Using the entries that follow, transcribe only the lines from the line with "Macarthur Chronicle, Tuesday" to the line with "Pieces after the band saw.", both included, exactly as they stand and without pictures.

* Source material
= Beginning of Section =
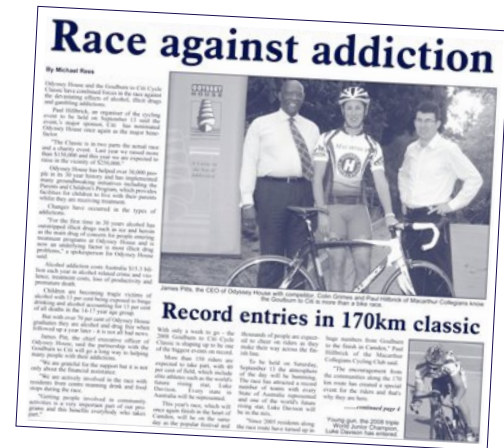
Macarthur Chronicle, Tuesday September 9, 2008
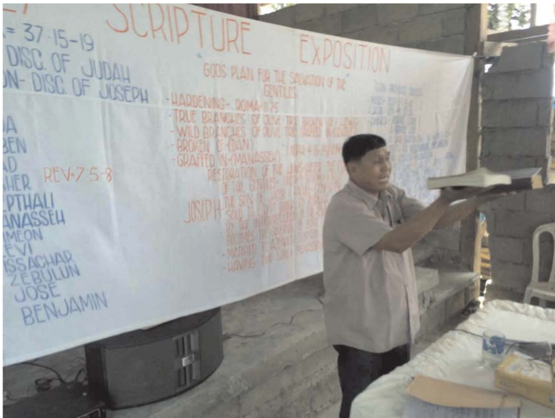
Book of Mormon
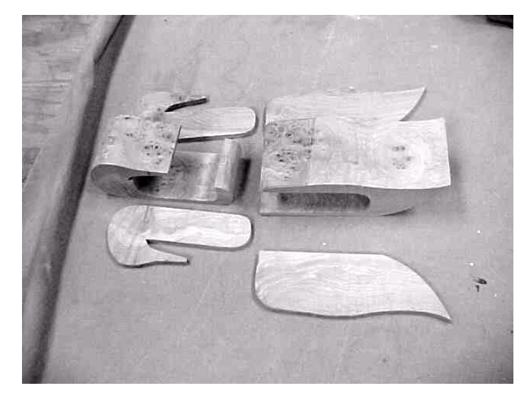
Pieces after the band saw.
= End of Section =
= Beginning of Section =
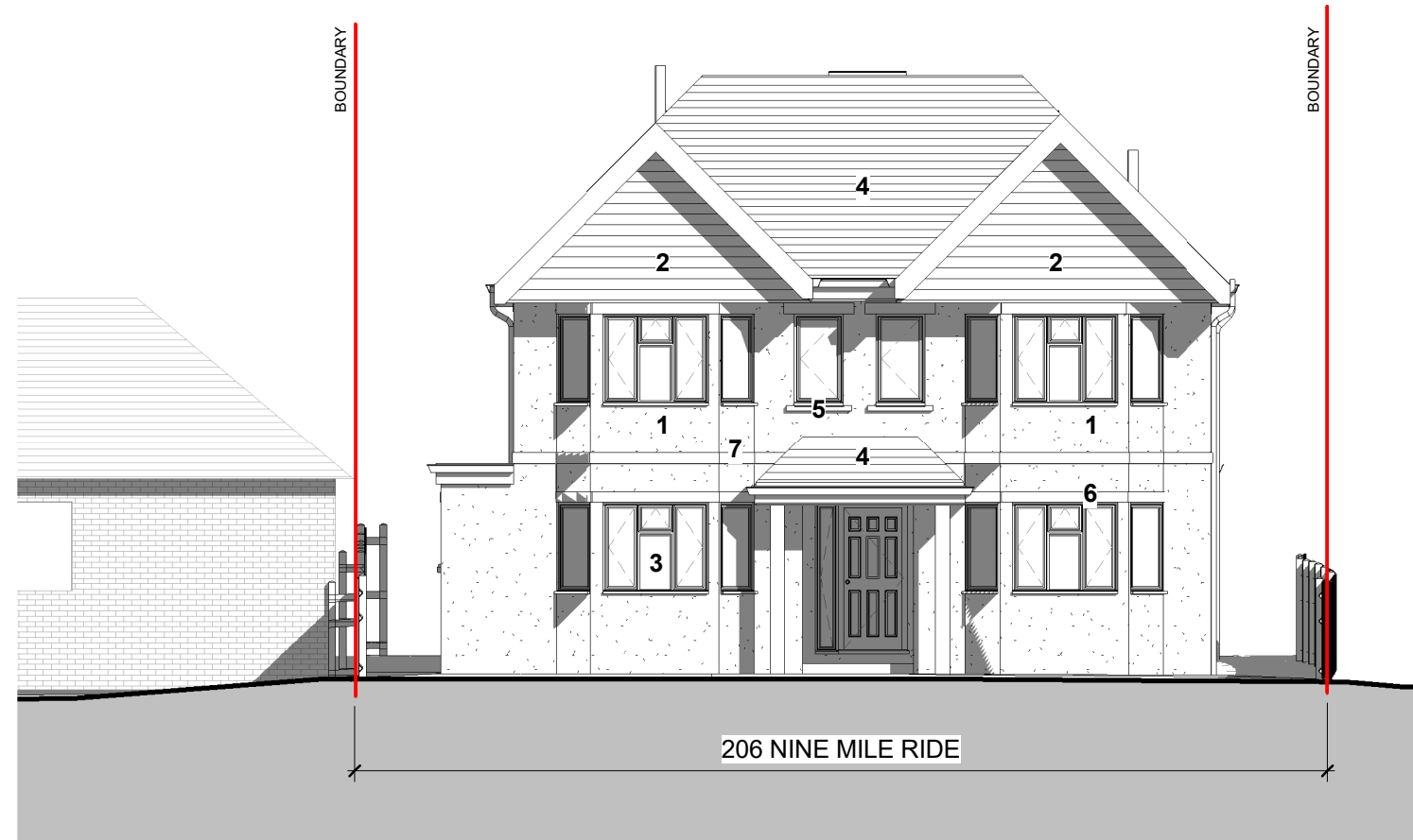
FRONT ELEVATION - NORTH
= End of Section =
* Task result
Macarthur Chronicle, Tuesday September 9, 2008
Book of Mormon
Pieces after the band saw.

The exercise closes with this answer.